**What this task involves**
Output all of the data below without changing a word, and exclude the pictures.

**Data below**
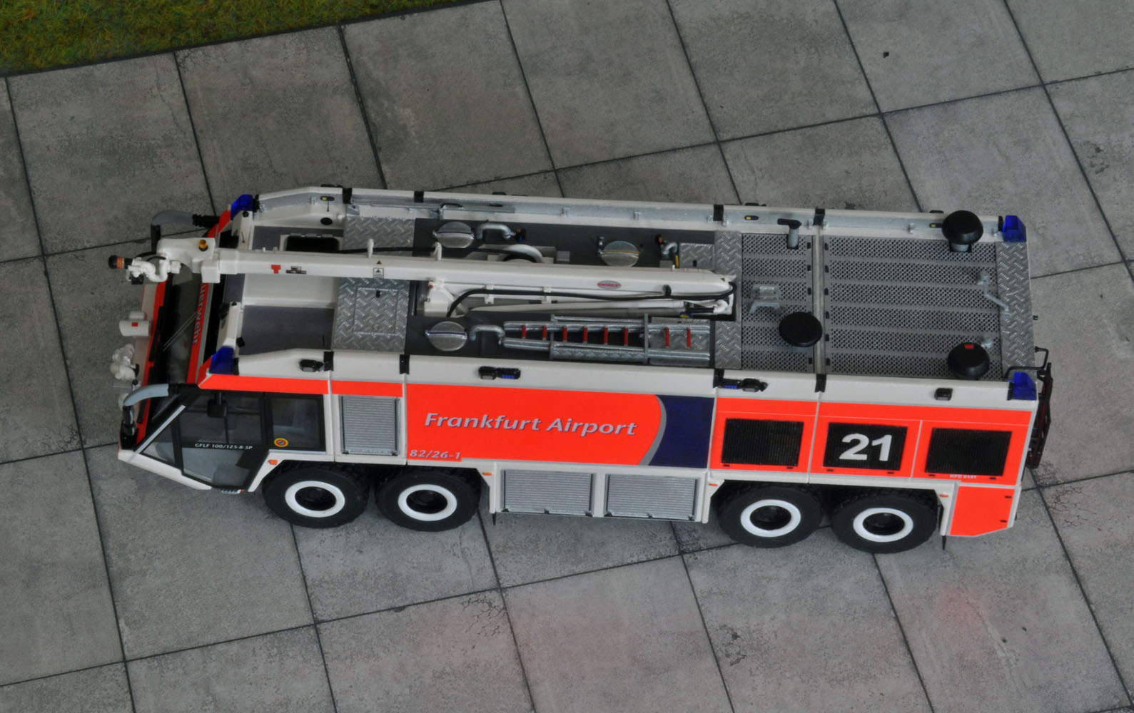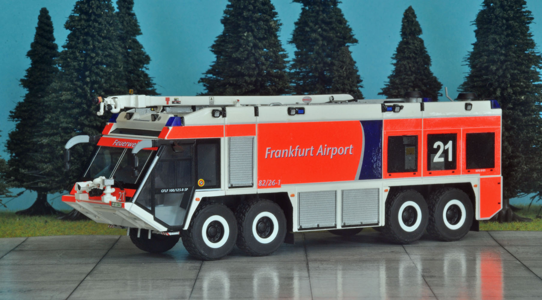 Das Modell basiert wie Herpa auf dem Cursor-Modell, allerdings mit vielen ergänzenden und besseren Teilen. Ziemlich genial sind die vielen Ätzteile, die von mir seitlich mit Decals hinterklebt wurden. Beim Original scheinen auch einige Teile des Motorraums durch. Die Kotflügel unter der Kabine wurden von mir mit Profilen korrigiert, hier fehlte beim Cursor etwas. Auch die Auftritte unter den Türen wurden durch neue ersetzt, die beigefügten Ätzteile waren mir hier einfach zu flach. Sonst habe ich nur eien Reihe Kleinteile ergänzt. Sogar die Werfer, an denen ich sonst eigentlich immer etwas auszusetzen habe, konnten einfach nur versäubert verwendet werden.
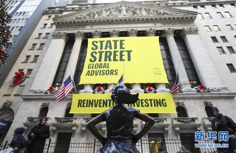 這是12月10日在美國(guó)紐約證券交易所前拍攝的“無畏女孩”銅像。 新華社記者 王迎 攝
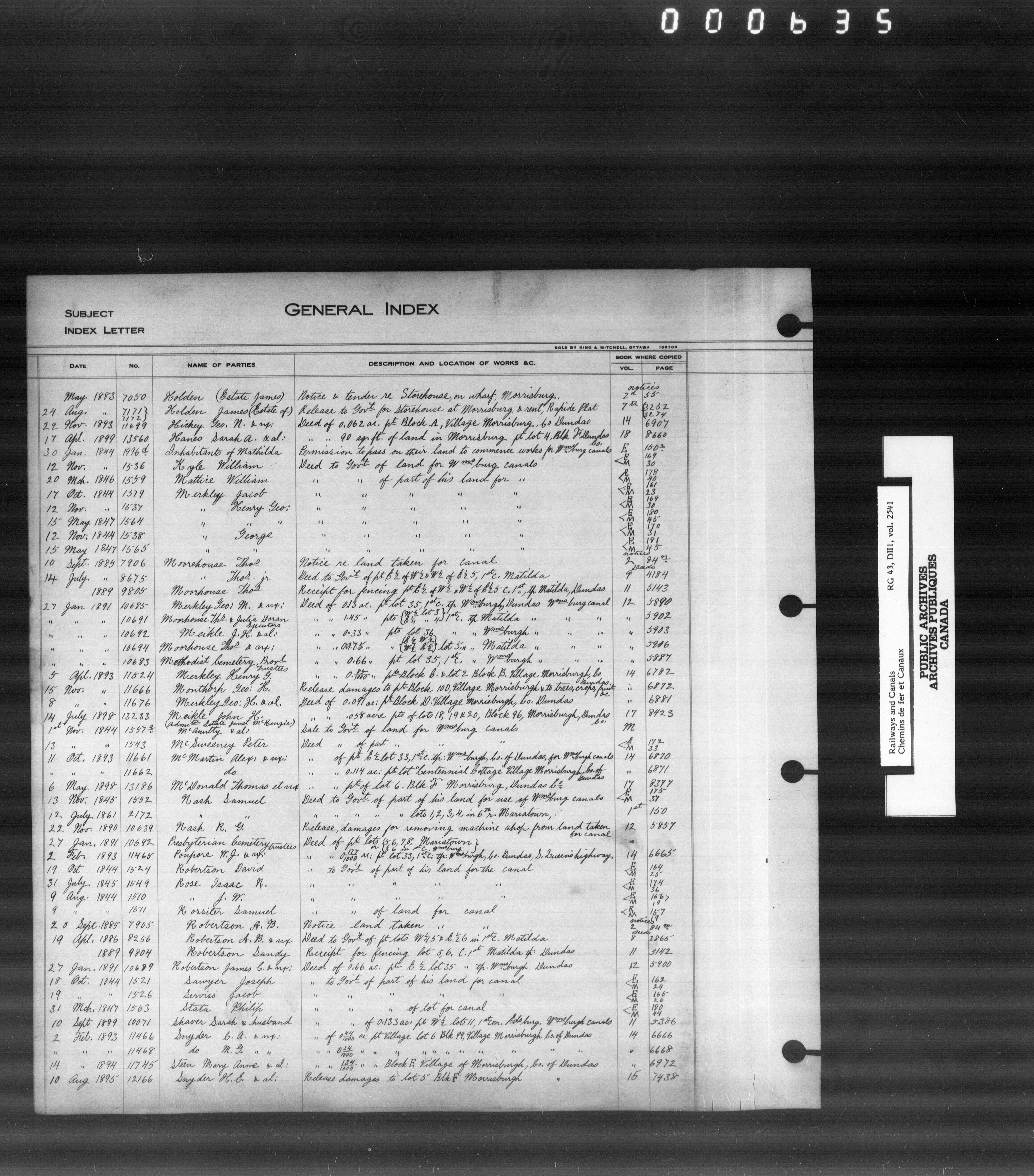 Department of Railways and Canals, Legal records : General and subject indexes, contract and agreement registers, and references to the Exchequer Court. - 7218
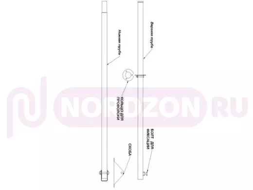 - В комплекте мачты: две трубы диаметром 32мм, подпятник и проволочные растяжки

**Answer**
 Das Modell basiert wie Herpa auf dem Cursor-Modell, allerdings mit vielen ergänzenden und besseren Teilen. Ziemlich genial sind die vielen Ätzteile, die von mir seitlich mit Decals hinterklebt wurden. Beim Original scheinen auch einige Teile des Motorraums durch. Die Kotflügel unter der Kabine wurden von mir mit Profilen korrigiert, hier fehlte beim Cursor etwas. Auch die Auftritte unter den Türen wurden durch neue ersetzt, die beigefügten Ätzteile waren mir hier einfach zu flach. Sonst habe ich nur eien Reihe Kleinteile ergänzt. Sogar die Werfer, an denen ich sonst eigentlich immer etwas auszusetzen habe, konnten einfach nur versäubert verwendet werden.
 這是12月10日在美國(guó)紐約證券交易所前拍攝的“無畏女孩”銅像。 新華社記者 王迎 攝
 Department of Railways and Canals, Legal records : General and subject indexes, contract and agreement registers, and references to the Exchequer Court. - 7218
 - В комплекте мачты: две трубы диаметром 32мм, подпятник и проволочные растяжки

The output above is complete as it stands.